I ran across an outstanding article that describes how children can form actual, real memories of things that they never witnessed. In this article, the memories were benign and positive (activities with a deceased grandfather), but the dynamic can be the same when our children are describing past trauma. As parents, we need to be aware of the dynamic so that we can react appropriately when we hear stories that sound not quite true.
Our children may not be lying; they just confuse what they were told with what they experienced. As a neurologist quoted in the article, Dr. Ira Chang, explained, "If [children] don't have a clear picture of a person or experience, they may fill the gaps with input from other people and then store it as a new memory."
Researchers have labelled the problem "source monitoring," i.e., children cannot keep straight the sources of their information. An event they have only heard about can be just as real to them as an event that they actually experienced. Studies have shown, for example, that younger children can become confused about information from different, but similar, sources. Other research indicates that preschool children are more susceptible than older children, and that children become less suggestible as they mature. As the article noted:
"Through early adolescence, children's ability to remember exact details is poor relative to adults, which makes them especially prone to false memories arising from suggestion," says Charles Brainerd, Ph.D., a professor of psychology at Cornell University. Dr. Brainerd adds that children’s memories become reliable much later than you might guess, at around 9 or 10 years old. And because our brains are still developing through our mid-20s, suggestibility doesn’t reach its low point until young adulthood.

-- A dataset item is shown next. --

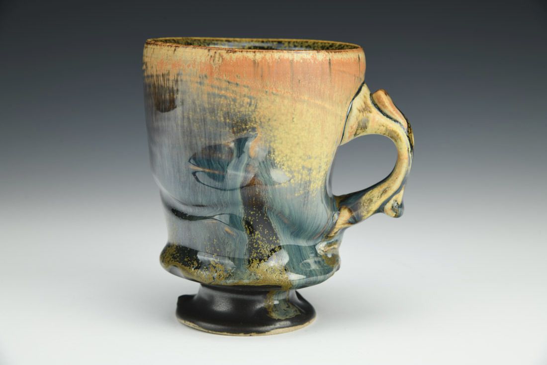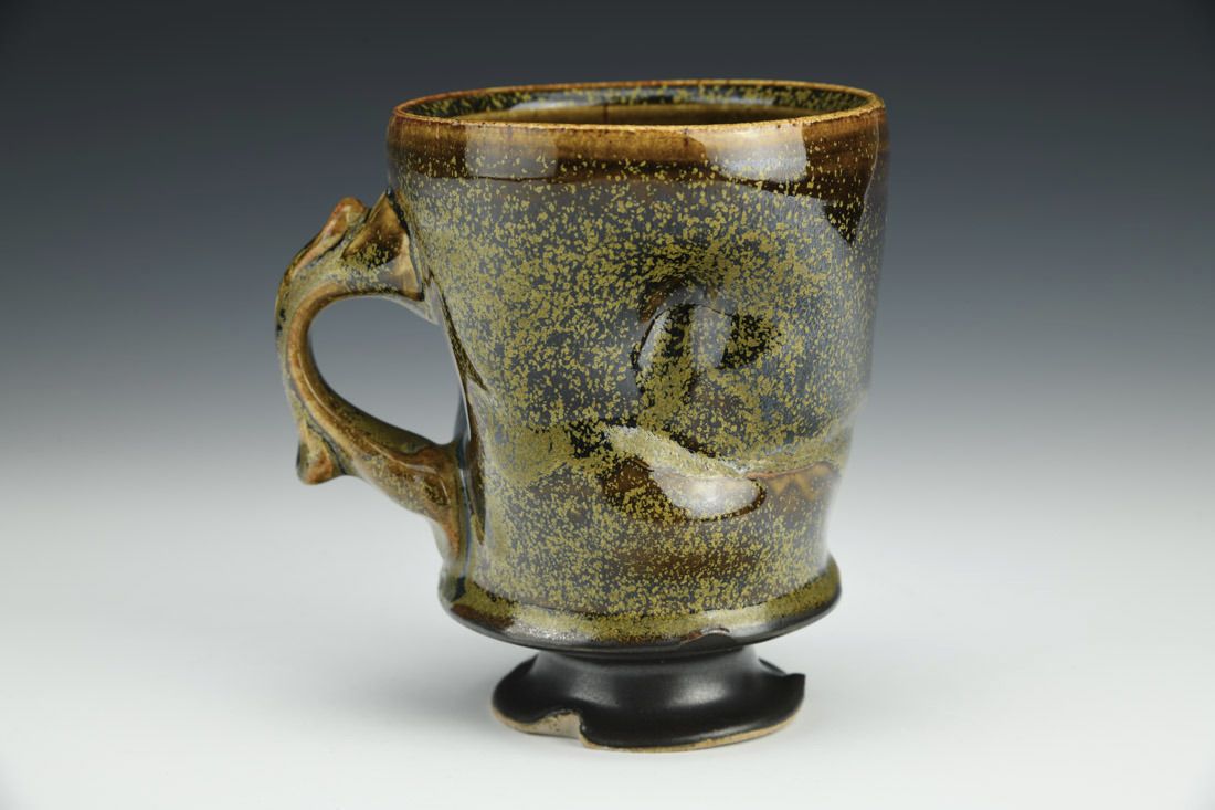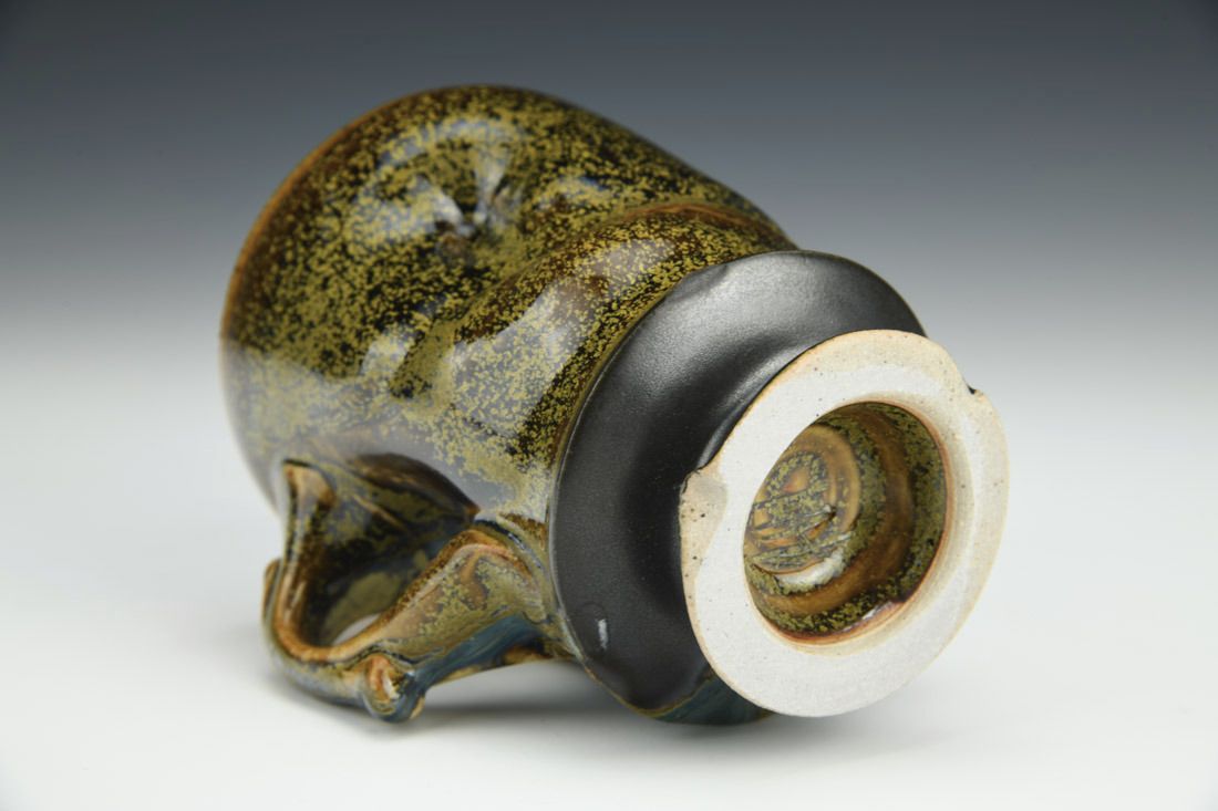 White stoneware, wheel thrown and altered, teadust glaze, cone 7 reduction fired, 4.5 x 4.75 x 3.5 inches.

This source monitoring problem means that we have to be careful in how we respond to a child’s story about what they experienced. We know, for example, that how an adult phrases a question can change a child's answer, and that repeated questions may elicit different responses. We have to be careful that our well-intended but flawed questions don’t corrupt a child’s memory. We also have to be careful that we don’t inadvertently introduce new, and inaccurate, information that becomes part of their memory.

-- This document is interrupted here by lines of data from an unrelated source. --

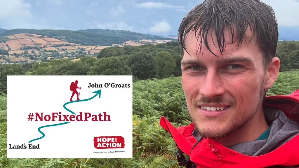 Ethan Malcolm is a 22 year old student who decided earlier this year to take up the challenge to walk the entire length of the country, from Land’s End to John O’Groats. He doing it to raise funds for Hope into Action and is aiming to cover the 12oo miles in 60 days.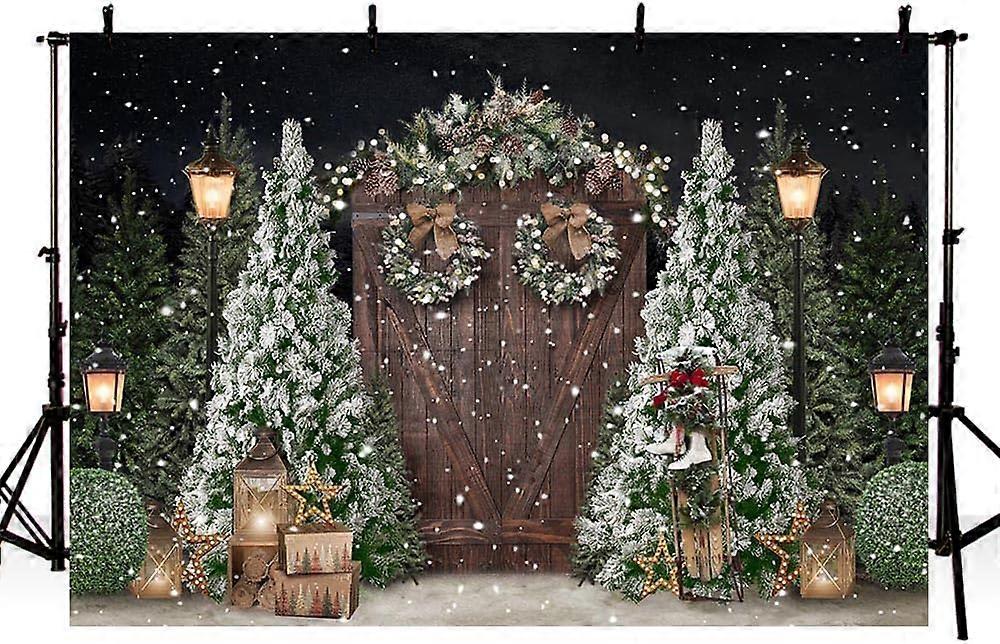 7x5ft Christmas Backdrop Winter Christmas Tree Gift Holiday Snow Scene Photography Background Wood Door Christmas wreath Table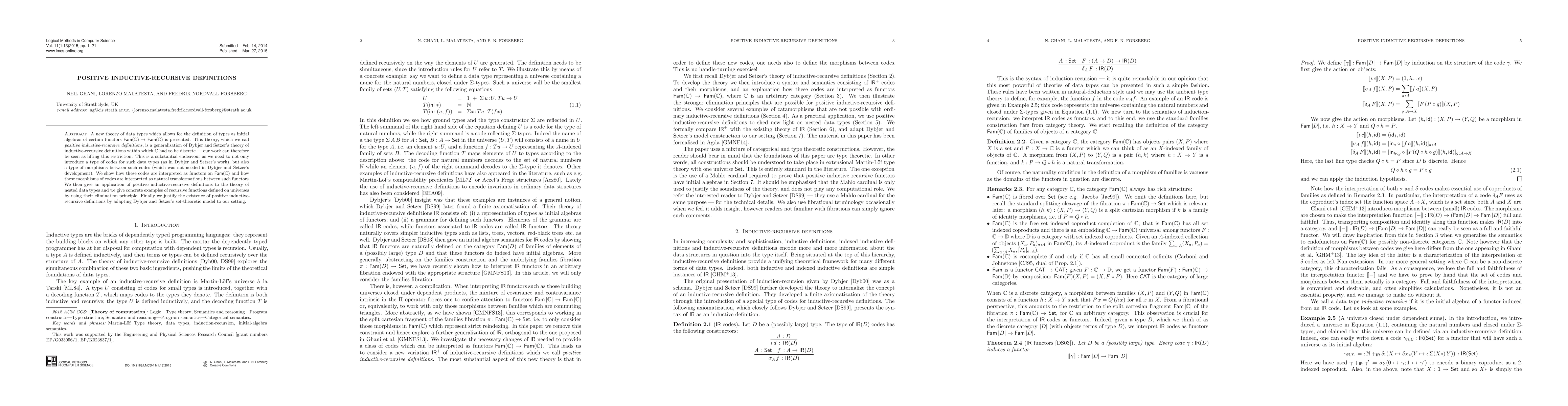 This paper introduces a new theory of positive inductive-recursive definitions, generalizing Dybjer and Setzer's inductive-recursive definitions by removing the discreteness requirement on C. It provides codes and morphisms for data types, interpreted as functors and natural transformations, and applies the theory to nested data types and recursive functions.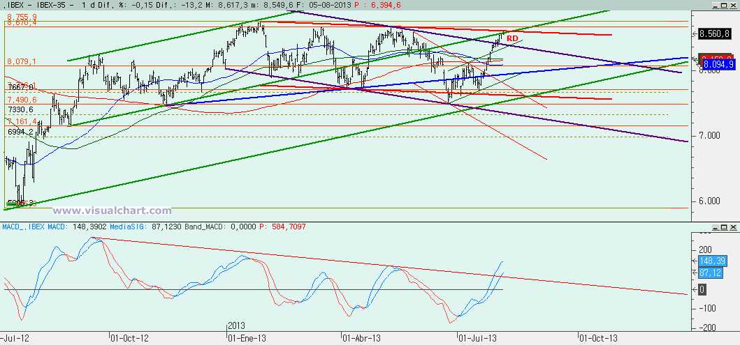 Gráfico diario: ahora sí, ahora sí que estamos justo en la bajista roja y casi en la alcista verde. Es la hora de la verdad y el MACD dando señales de que puede hacer un máximo porque parece que quiere suavizar la subida. Y a todo esto, la señal de hoy, aunque no demasiado clara, es otro Reversal Day. Ya vimos que el último no funcionó, pero el que se haya producido justo aquí es significativo, y el stop de cortos está muy claro en el máximo de hoy más ligero filtro. Eso no quiere decir que vayamos a tener un giro radical, podría ser que este RD solo signifiquen 200 puntos abajo, pero la señal está ahí.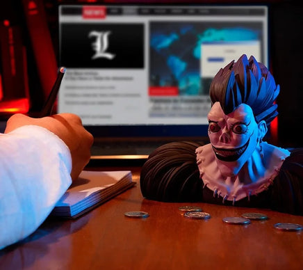 Original owner of the Death Note, Ryuk is a god of death whose entertainment is the life of humans. A lover of apples and games, he delights his life in the presence of Light Yagami and his overweening ambition! Decorate your home with his sly smile with this superb Death Note money bank by ABYstyle.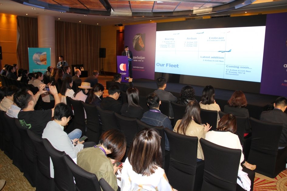 Sonra Azərbaycanın turizm potensialını, ölkəmizin təbii gözəlliyini, tarix-mədəni irsini, dadlı mətbəxini əks etdirən video nümayiş olunub, AZAL-ın keçirdiyi lotereyanın qalibinə Pekin-Bakı-Pekin bileti təqdim edilib.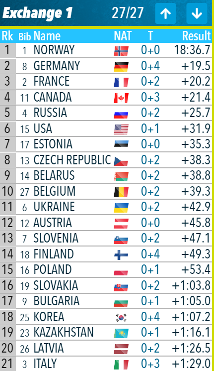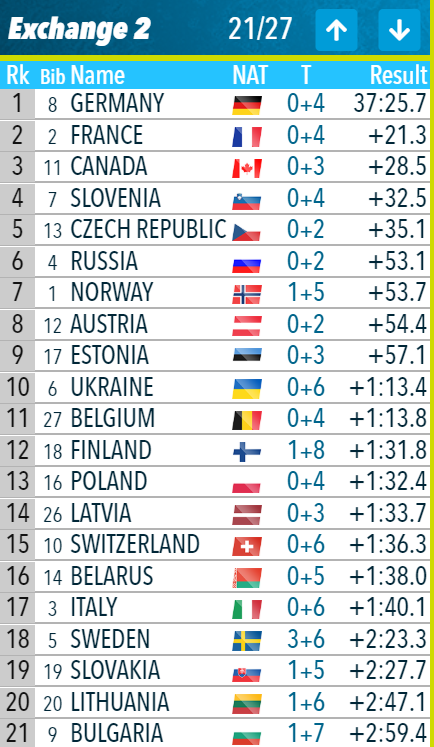 Кюн пролетел последний отрезок и привёз 21 секунду Жаклену, Латыпов подпустил к себе Норвегию, проигрыш уже 53 секунды.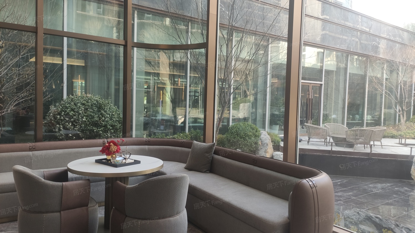 拥有高颜值外立面现代轻奢风格,镜面靓丽。光幕美学立面,一二层为石材,上部为水包砂灰色真石漆的沉稳与浅米色真石漆的温馨,局部细节深香槟金色铝条点缀 会所特邀请了绿城设计院操刀进行了优化提升 车库入口和单元大堂都采用铝板吊顶,顶面的设计巧妙地结合了镜面星空顶,车行道采用灯带感应。车库行车道我们用了永远不开裂、不掉色、恒久弥新的材质:超镜面彩磨石固化地坪;停车区:镜面固化地坪。 社区大门、地上单元门、地下单元门、楼层单元间,归家尊崇由此开启。我们项目采用地上、地下精装双入户大堂的设计,增加入户仪式感,坚持星级精工品质,进户门也采用大尺度开间(子母门)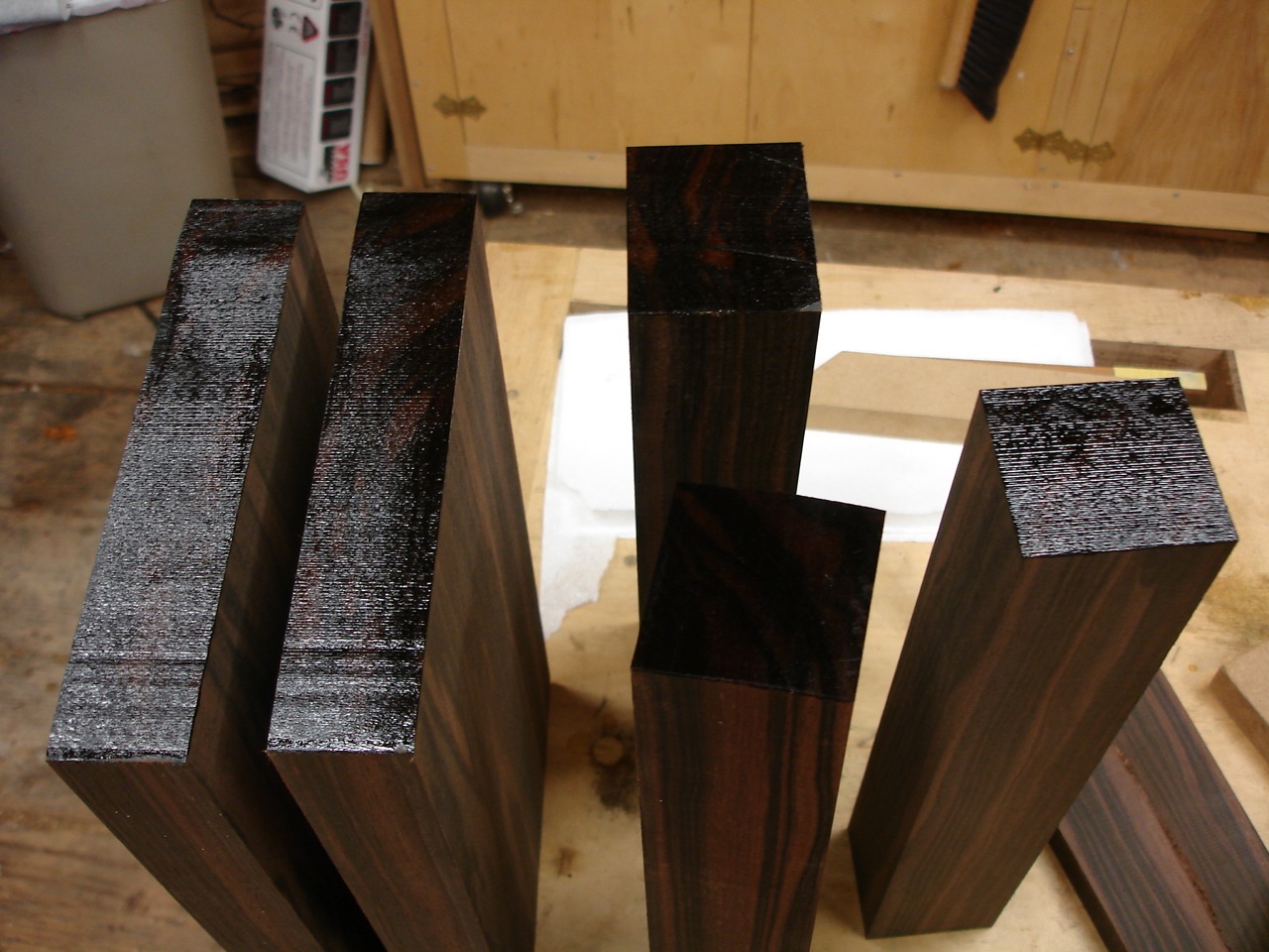 Now I have many surfaces exposed directly to the air for the first time so I worked quickly to seal the ends and spray a light coat of lacquer on the flat sawn surfaces of the tote blanks. All this in an effort to slow down the effect of being exposed directly to the effects of the atmosphere. Now these blanks get to rest for a while and if I've done my job correctly the next time you see them they will be plane parts.

More important, we need to be careful that we don’t simply assume our children are lying to us. Their memories, no matter how inaccurate, are real. They usually are telling the truth as they remember it. It is not their fault that their brains are still developing and store inaccurate facts as true memories. It may or may not be our job to correct them. If our children remember happy Christmases with their biological family, for example, we don’t need to point out that they never spent Christmas with their family.

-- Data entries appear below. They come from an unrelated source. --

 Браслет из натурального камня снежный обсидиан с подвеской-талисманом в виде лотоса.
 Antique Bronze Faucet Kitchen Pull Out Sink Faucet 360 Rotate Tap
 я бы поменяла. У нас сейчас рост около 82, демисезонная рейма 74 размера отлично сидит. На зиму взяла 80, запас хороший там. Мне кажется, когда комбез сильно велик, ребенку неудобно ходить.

Real memories, even if they are not accurate, also have real effects. If a child remembers trauma, even if it never happened, he or she likely will suffer some effects from that memory. Whether and how to help them disentangle facts from memory is a job for therapists, and we should work closely with them in helping our children. As parents, though, our job will be to help our children work through the very real effects of the trauma that they remember, no matter how incorrect their memories may be.